Kata Aliadi, DPRD tidak tinggal diam dengan persoalan ini, karena ini menyangkut hak dan masa depan warga. Ia berjanji secara lembaga DPRD Busel akan mengusut persoalan ini hingga keakar-akarnya. Apalagi data hasil nilai yang dimiliki calon peserta sangat meyakinkan.

“Kita akan bersikap dan bertindak sesuai fungsi kami, kami akan usut sampai keakar-akarnya, karena memang jika benar adanya data yang diadukan kepada kami ini, berarti ada dugaan KKN dalam rekrutmen CPNS 2018,” ujarnya melalui telefon selulernya kepada Publiksatu.com, Sabtu (5/1/2019) .

Menurutnya, persoalan ini tidak bisa dibairkan berlarut-larut merugikan masyarakat. Jika terbukti persoalan ini berarti ada dugaan kesengajaan meloloskan peserta CPNS yang tidak benar. “Siapa otaknya dibalik dugaan kecurangan CPNS Busel 2018 ini, BKD juga tidak berani bertindak kalau tidak ada intruksi, otaknya siapa ini kami akan usut. Makanya BKD Busel harus dikonfrontir,” ujarnya.

Ia mengaku sudah ada sekitar 8-10 orang yang sudah mengadukan persoalan ini. Pihaknya akan mengkonfrontir persoalan ini sehingga ada kejelasan dugaan permainan rekrutmen CPNS 2018 di Busel. “Calon perserta ini mereka merasa dizolimi maka harus diusut tuntas ini,” katanya.

Jika terbukti dalam ivestigasi hasil nanti kata dia, DPRD akan mengusut dan merekomendasikan ke Kepollisian untuk memproses secara hukum, ke Ombusmand RI, ke BKN dan Ke Kementrian PAN dan RB agar ada penyelesaian.

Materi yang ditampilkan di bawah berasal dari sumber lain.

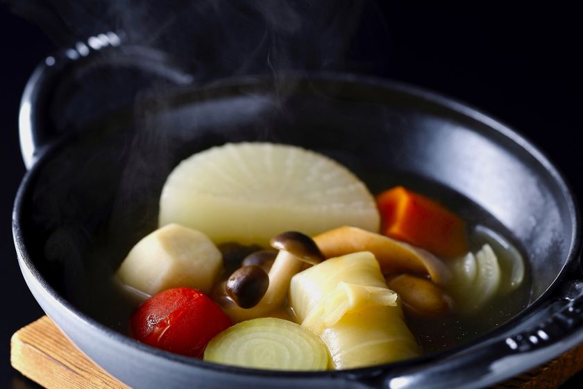下鴨茶寮こだわりの出汁パック「料亭のお出汁」を使用し、王道の和風おでんと、ポトフのように野菜の旨みが溶け合う洋風おでんの2種類をご用意。京都らしい繊細で上品な特製出汁は、最後の一滴まで飲み干したくなる味わいです。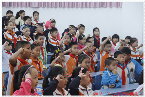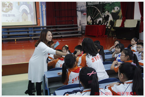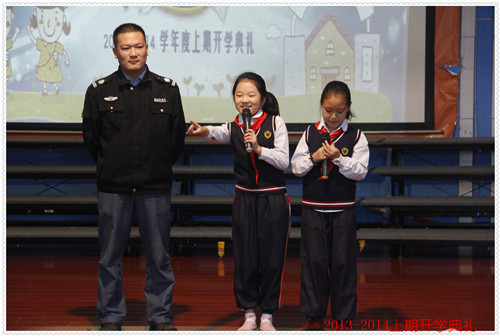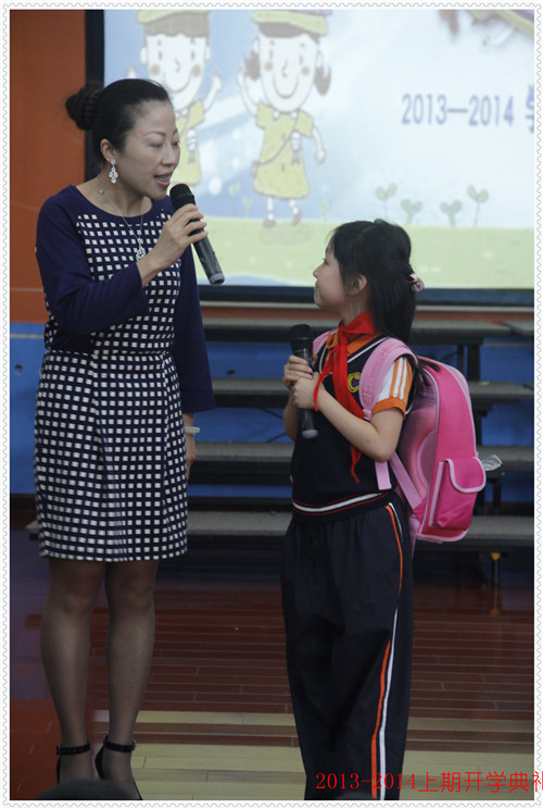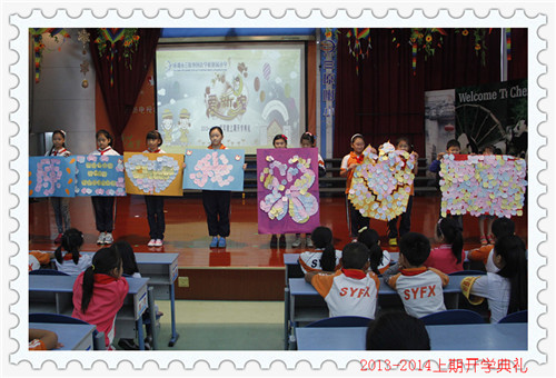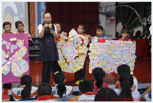 (成都市三原附小德育室 9月5日报道)美丽新校园,美丽新学期—我校2013——2014学年度上期开学典礼在天真可爱的短剧中拉开帷幕,魏校长做了开学典礼致辞。致辞中,魏妈妈代表学校领导对新加入我校的一年级同学和新老师们表示热烈的欢迎。同时,勉励全校同学:践行校园小主人责任,爱护新校园。来自我校电视台的小记者分别现场采访了我校后勤叔叔和同学代表的暑假生活,强烈的对比中让同学们深切地感受到了后勤叔叔的辛劳。各年级同学们还准备了年级组爱校“幸福贴”——写满祝福的卡片,表达了同学们对新校园的喜爱。最后,在德育室陈主任的带领下,全校同学们一起宣誓——爱护新校园,尊重同学,争做文明小学生。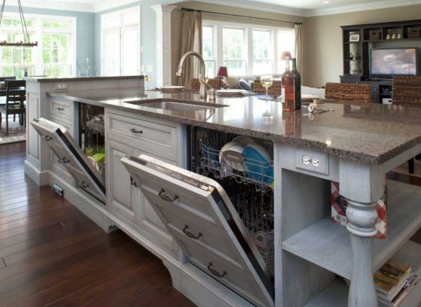 От остальных типов посудомоечных машин потенциальных покупателей отпугивает боязнь громоздкости, ляписного сочетания элементов и неудобство размещения элементов декора кухни.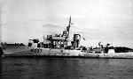 Built by Collingwood Shipyards Lt., Collingwood, Ont., she was commissioned on 26 Nov 1941, at Montreal. HALIFAX was the first RCN corvette to be completed with a long fo'c's'le. Assigned to WLEF on her arrival at Halifax on 18 Dec 1941, she was transferred in Jul 1942, to Halifax Force (Aruba Tanker Convoys). On 14 Aug 1942 she arrived at Aruba with HA.3, her third tanker convoy, and was assigned to escort TAW.15, a Trinidad-Aruba-Key West convoy which developed into the only major convoy battle of the war in those waters. Arriving in New York on 14 Sep 1942, she was placed under U.S. control for New York-Guantanamo convoys until Mar 1943, when she joined WLEF. Between 02 May and 15 Oct 1943, she underwent an extensive refit at Liverpool, N.S., followed by workups at Pictou. On New Year's Day, 1944, she arrived at St. John's to join EG C-1, leaving Londonderry on 11 Aug 1944 for two weeks' refit at Lunenburg. This refit was followed by three weeks' further repairs at Halifax and, late in Dec 1944, workups in Bermuda. In Jan 1945, she briefly joined Halifax Force, transferring in Feb 1945 to EG C-9 for the rest of the war. Paid off on 12 Jul at Sorel, she was sold for conversion to a salvage vessel.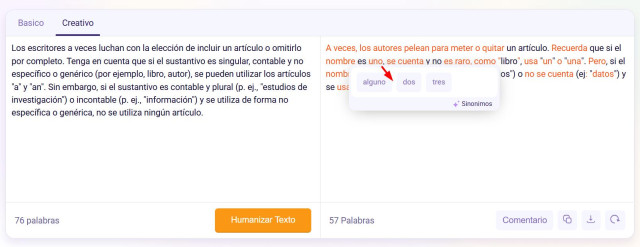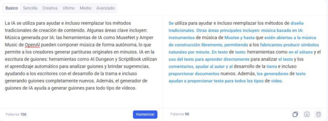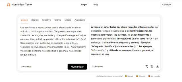 Por último, pero no menos importante, Humanizar Texto AI es una herramienta freemium que efectivamente hace que la IA generada sea indetectable. Ofrece dos modos para este propósito: uno es Básico, y el otro es Creativo. Ambos están disponibles de forma gratuita.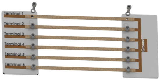 - Fernández-García, R.; Gil, I.; Cano, F.; Parés, F. Crosstalk characterization of fabrics elaborated with conductive yarns. In Proceedings of the 2016 International Symposium on Electromagnetic Compatibility-EMC EUROPE, Wroclaw, Poland, 5–9 September 2016; pp. 85–88. [Google Scholar]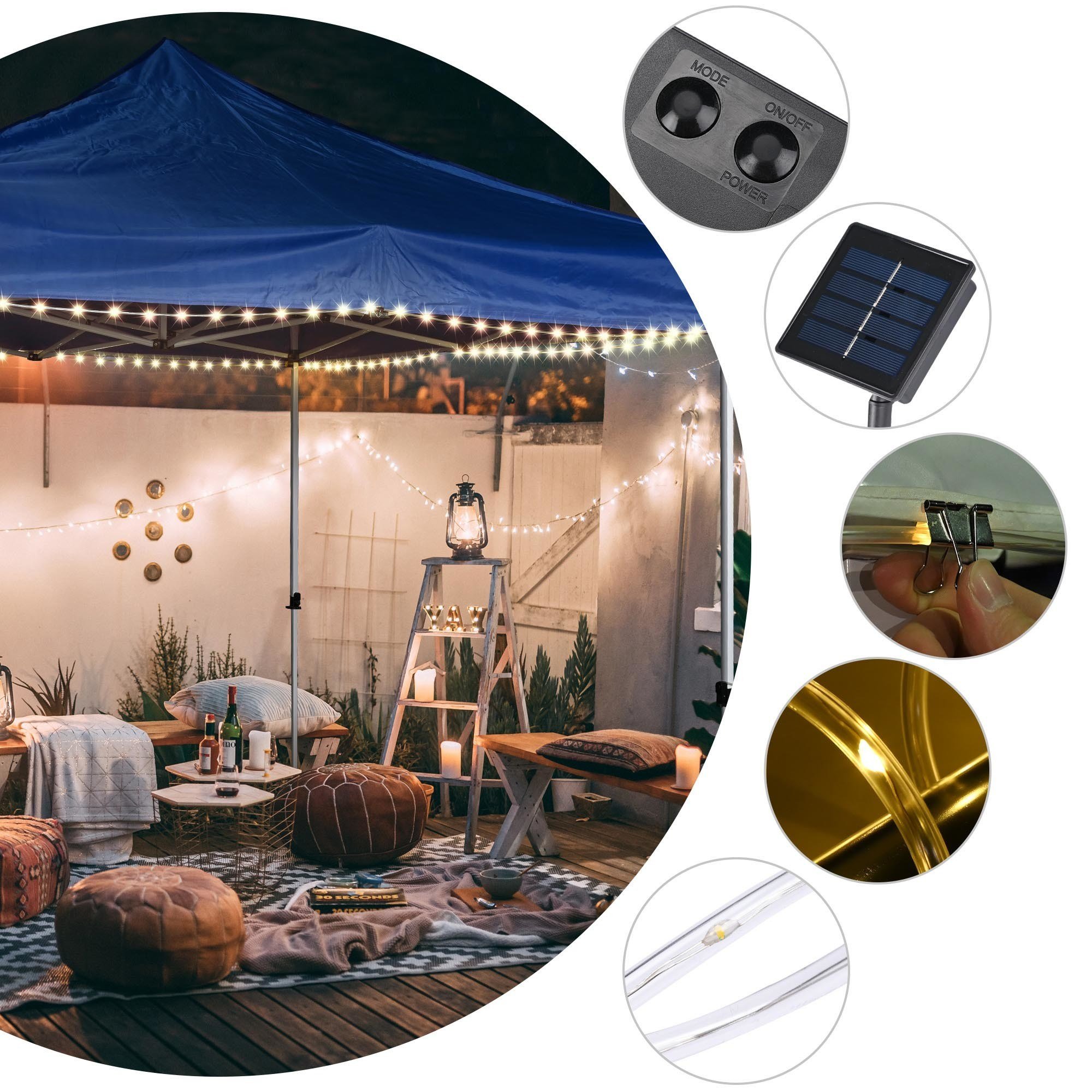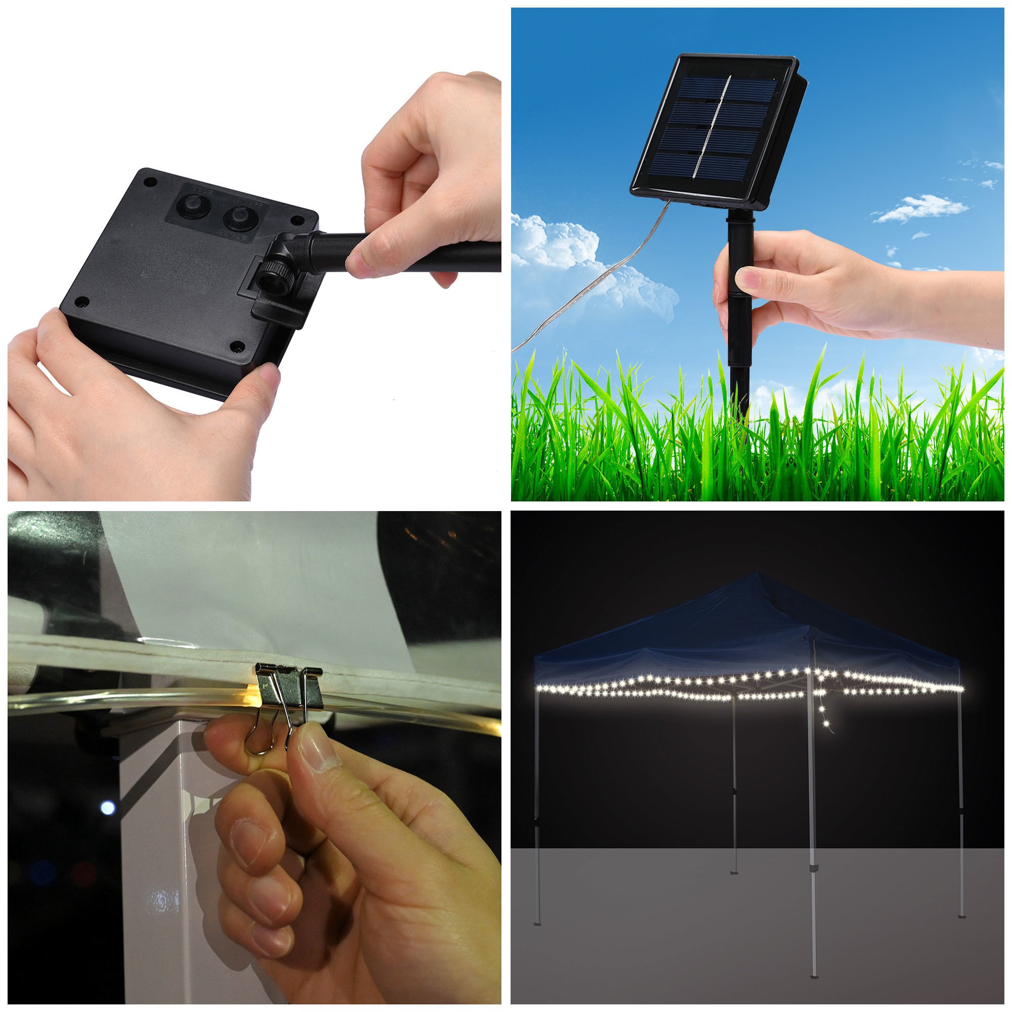 - Wide Application - 40 ft Solar Powered LED String Light fits up to 10x10 ft canopies; 120 warm white LED fairy lights to boost ambience fantastically; setting the mood for memorable night with friends & family over barbeque; wedding; tailgate party; yard; patio; beach; also perfect decoration for bicycle; Christmas tree; etc.

“Kami akan rekomendasikan ke kepolsian untuk diusut karena ada dugaan tindak pidana dan perdata dalam kasus ini ada mal administrasi ada dugaan pemalsuan dokumen negara,” katanya.

Ia menambahkan, DPRD akan segera menindaklanjuti persoalan ini. DPRD akan segera membentuk tim untuk mengusut hingga tuntas agar ada transparansi dalam rekrutmen CPNS 2018. “Kami meminta kepada masyarakat untuk bersabar. DPRD akan bersikap kami akan memanggil BKD, Sekda dan Bupati untuk mempertanyakan persoalan ini,” tutupnya.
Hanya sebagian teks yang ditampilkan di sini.